My Problem
I am quite new to optimisation, so any advice is appreciated. I am currently trying to solve a problem as follows:
Given a pool of people, we want to create n teams such to find the optimal solution based on all players' preferences
As a test, I have been assuming there are 6 players, each of which selects a 1st and a 2nd preference for who they would like in their team. For now, I am looking to create 2 teams of 3 players.
How I have attempted it
I want to solve this using an open-source solver in Python, so I am currently trying the 'glpk' solver via Pyomo, however I am stuck. I created a matrix of preferences, whereby each row represents a given player's top 2 preferences (here, 2 means 1st pick) as follows:
preferenceMatrix = [0 1 0 0 2 0] # Player 1 would like players 5 (1st pick) and 2 (2nd pick)
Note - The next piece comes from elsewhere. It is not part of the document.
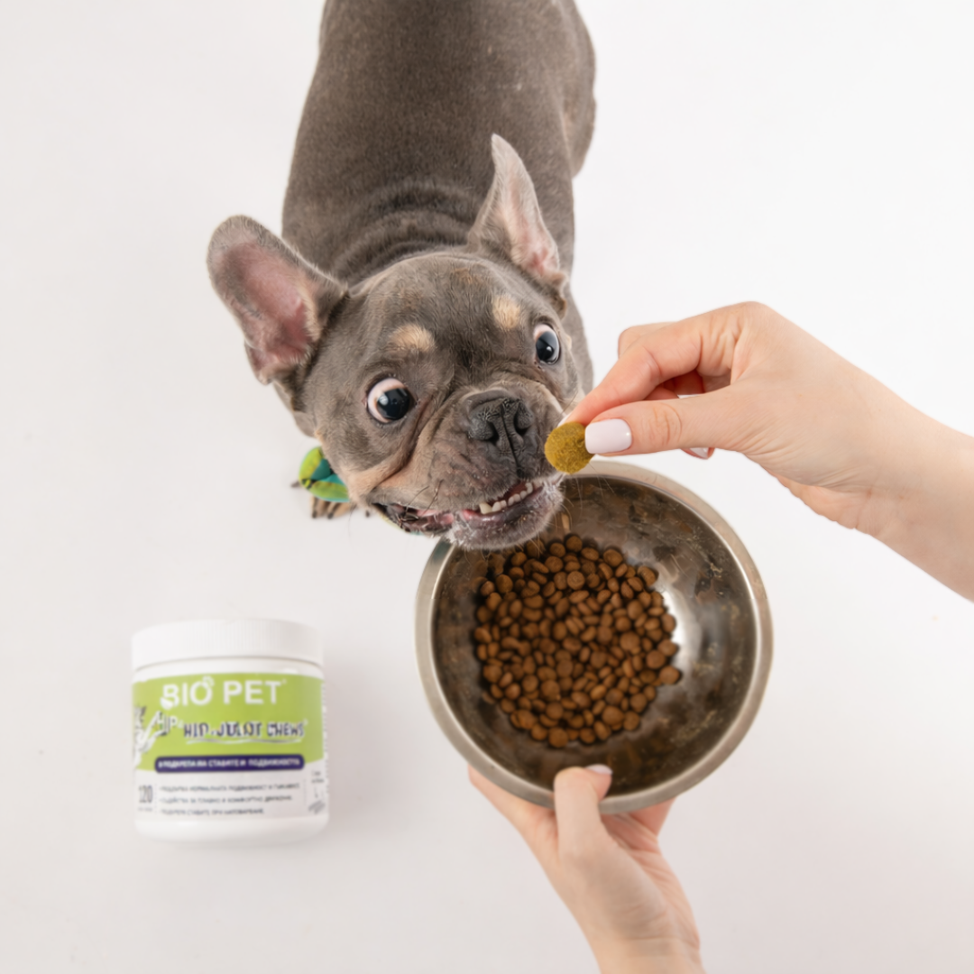 Като част от ежедневната рутина може да се добави и хранителна подкрепа като Hip and Joint Chews от BIO PET. Формулата съдържа глюкозамин, хондроитин, MSM и колаген - съставки, които подпомагат поддържането на здрав хрущял и ставна структура. Oмега-3 мастни киселини подпомагат за нормалния възпалителен баланс, както и витамини и минерали, които подкрепят общото състояние на ставите.

[2 0 1 0 0 0] # Player 2 would like players 1 (1st pick) and 3 (2nd pick)
[0 0 0 0 2 1] # Player 3 would like players 5 (1st pick) and 6 (2nd pick)
[0 1 2 0 0 0] # Player 4 would like players 3 (1st pick) and 2 (2nd pick)
[0 0 0 1 2 0] # Player 5 would like players 5 (1st pick) and 4 (2nd pick)
[2 0 0 1 0 0] # Player 6 would like players 1 (1st pick) and 4 (2nd pick)
Next, I multiply the preference matrix by a binary matrix (subject to a constraint of 2 players per row and column), and then maximise the sum over the entire matrix. An example of what the binary matrix could look like is:
binaryMatrix = [0 1 1 0 0 0]
[1 0 1 0 0 0]
[1 1 0 0 0 0]
[0 0 0 0 1 1]
[0 0 0 1 0 1]
[0 0 0 1 1 0]
This would form 2 teams: Team 1) players 1,2,3, and Team 2) players 4,5,6 and the objective function (summing over rows) would be 1+3+0+0+1+1 = 6.
My questions
1) If I continue with this approach, then how could I constrain it to create exactly 2 teams? I originally posted this exact issue here
2) As I am finding it hard to approach the problem using glpk, is there a more appropriate open-source solver I could use instead?
3) Or, could I approach this entirely differently (e.g. using networkx where I specify that the problem should create 2 equal-sized connected groups)?